Combine the milk and coffee beans in a heavy medium saucepan. Bring to a boil over medium heat. Lower the heat, cover, and keep warm for 20 minutes.
While the coffee beans steep, beat the sugar into the egg yolks in a medium mixing bowl, until they’re thickened and pale yellow. Beat in the flour and salt. Set aside.

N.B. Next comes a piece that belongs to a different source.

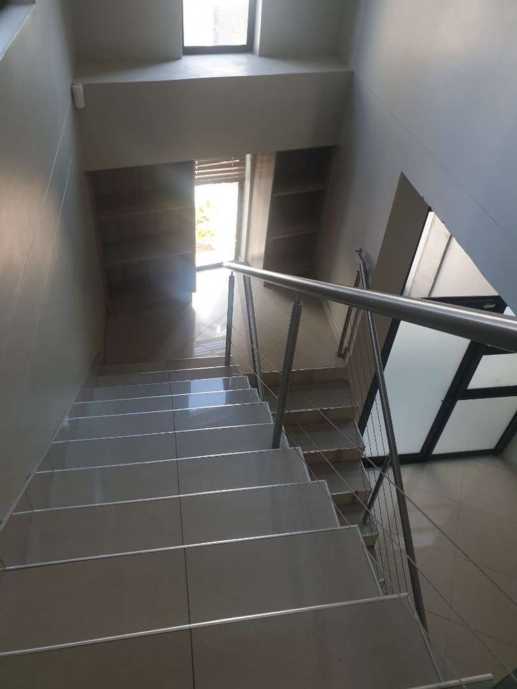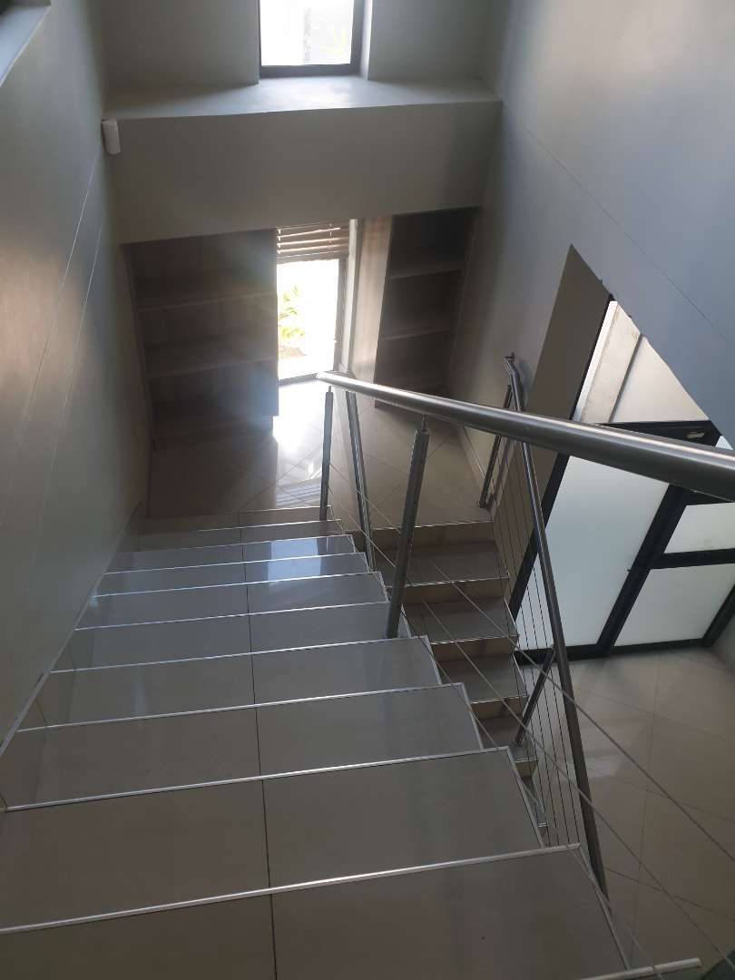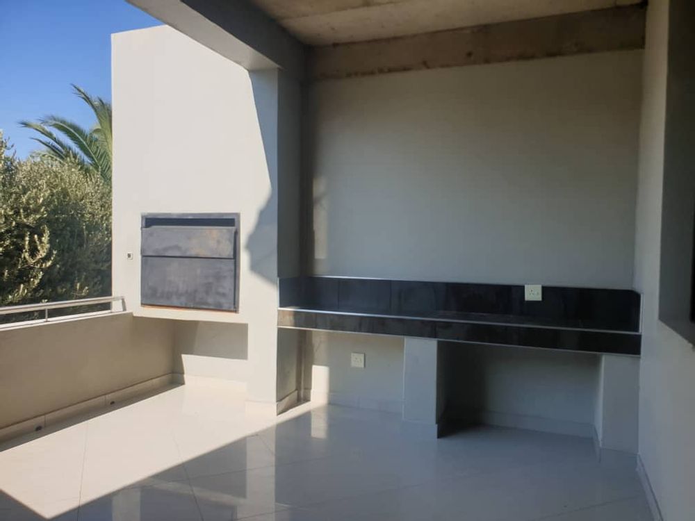 High Modern apartment to let. 2 Bathrooms and guest toilet with 3 bedrooms, one bathroom en-suite. Open plan kitchen/living area with fire place and spacious balcony with build in braai area. Basement parking x 2 per unit & Security. Excluding water & elec. Furnished available 22 000.00 per month (only two units available - one furnished and one unfurnished. Unfurnished immediately available, ALSO FOR SALE

Remove the coffee beans with a skimmer or slotted spoon, or pour milk through a strainer catching the coffee milk on the other end. If some of the milk has evaporated, measure it out and add more fresh milk to make 1 & 1/2 cups of milky coffee. Slowly beat the warm milk into the eggs and sugar. Pour the entire mixture back into the pan and place over low heat. Stir constantly with a whisk or wooden spoon until the custard thickens and coats the back of a wooden spoon. Be careful not to let the mixture boil, or the eggs will scramble. Remove from heat, and pour the hot coffee custard through a strainer into a large, clean bowl. Allow the custard to cool slightly, and stir in the cream and vanilla. Cover and refrigerate until cold or overnight.
Stir the chilled custard, and freeze in your ice cream machine, according to manufacturer’s instructions. When finished, the ice cream will be soft, but ready to eat. For firmer ice cream, transfer to a freezer safe container and freeze at least 2 hours.